Anything you can do in serial, you can do in parallel with a lot more effort.
People often look to parallelize their code simply because it's slow, without realizing that it could be made to run hundreds of times faster without being parallelized. Using better algorithms, reducing memory use, or switching from an interpreted language to a compiled language will usually be far easier than parallelizing the code. Parallel programming is difficult, and running programs on a cluster is inconvenient compared to running them on your PC.
Some people are motivated by ego or even a pragmatic desire to impress someone, rather than a desire to solve a real problem.
Using a $1,000,000 cluster to make inefficient programs run faster or to make yourself look smart is an unethical abuse of resources. If an organization spends this much money on computing resources, it's important to ensure that they are used productively. Programmers have a responsibility to ensure that their code is well optimized before running it on a cluster.
As explained in Chapter 33, Programming for HTC, you don't necessarily need to write a parallel program in order to utilize parallel computing resources.

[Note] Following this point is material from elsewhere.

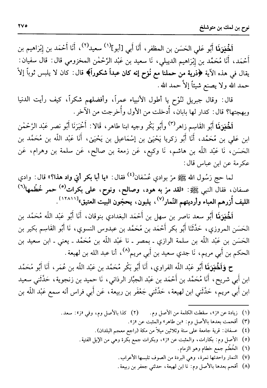 أخبرنا أبو علي الحسن بن المظفر أناابي أبو (1) سعيد (2) أنا أحمد بن إبراهيم بن احمد أنا محمد بن إبراهيم الديبلي نا سعيد بن عبد الرحمن المخزومي قال قال سفيان يقال في هذه الآية ذرية من حملنا مع نوح إنه كان عبدا شكورا " قال كان لا يلبس ثوبا إلا حمد الله ولا يصنع شيئا إلا حمد الله قال وقال جبريل لنوح يا أطول الأنبياء عمرا وأفضلهم شكرا كيف رأيت وبهجتها قال كدار لها بابان أدخلت من الأول وأخرجت من الآخر أخبرنا أبو القاسم زاهر (3) وأبو بكر وجيه ابنا طاهر قالا أخبرنا أبو نصر عبد الرحمن ابن علي بن محمد أنا أبو زكريا يحيى بن إسماعيل بن يحيى أنا عبد الله بن محمد بن الحسن نا عبد الله بن هاشم نا وكيع عن زمعة بن صالح عن سلمة بن وهرام عن عكرمة عن ابن عباس قال لما حج رسول الله (صلى الله عليه وسلم) مر بوادي عسفان (4) فقال يا أبا بكر أي واد هذا قال وادي عسفان فقال النبي (صلى الله عليه وسلم) لقد مر به هود وصالح ونوح على بكرات (5) حمر خطمها (6) الليف أزرهم العباء وأرديتهم (7) النمار يلبون يحجون البيت العتيق أخبرنا أبو سعد ناصر بن سهل بن احمد البغدادي بنوقان أنا أبو عبد الله محمد بن الحسن المروزي حدثنا أبو بكر أحمد بن محمد بن عبدوس النسوي نا أبو القاسم بكير بن الحسن بن عبد الله بن سلمة الرازي بمصر نا عبد الله بن محمد يعني ابن سعيد بن الحكم بن ابي مريم نا جدي سعيد بن أبي مريم (8) أنا عبد الله بن لهيعة ح وأخبرنا أبو عبد الله الفراوي أنا أبو بكر محمد بن عبد الله بن عمر أنا أبو محمد ابن أبي شريح أنا محمد بن أحمد بن عبد الجبار الرذاني نا حميد بن زنجويه حدثني سعيد ابن أبي مريم حدثني ابن لهيعة حدثني جعفر بن ربيعة عن أبي فراس أنه سمع عبد الله بن

In many cases, you can run simply multiple instances of a serial program at the same time. This is known as "embarrassingly parallel" computing. This is not only far easier than writing a parallel program, it also achieves better speedup in most cases, since there are no communication bottlenecks between the many processes. This type of parallel computing also scales almost infinitely. While some parallel programs can't effectively utilize more than a few processors, embarrassingly parallel computing jobs can usually utilize thousands and achieve nearly perfect speedup. ( Running N processes at once will reduce the total computation time by a factor of N. )
Think to parallelize your entire computing project, not your program. If an individual run takes only hours or days, and you have to do many runs, then embarrassingly parallel computing will serve your needs very well. Parallelizing a program is only worthwhile when you have a very long running program (usually weeks or more) that will only be run a few times.
You don't need parallel computing resources to develop and test parallel programs.
Parallel code can be developed and tested on a single machine, even with a single core. This is much easier and faster than developing in the more complex scheduled environment of a cluster or grid, and avoids wasting valuable resources on test runs that won't produce useful output.
You can control the number of processes used by OpenMP, MPI, and other parallel computing systems, even using more than one process per core.
Of course, you won't be able to measure speed-up until you run on multiple cores, but that doesn't matter through most of the development cycle.
Develop small test cases to run on your development and testing system, which could be a server, a workstation, or even your laptop. This will be sufficient to test for correctness, which is the vast majority of the development effort.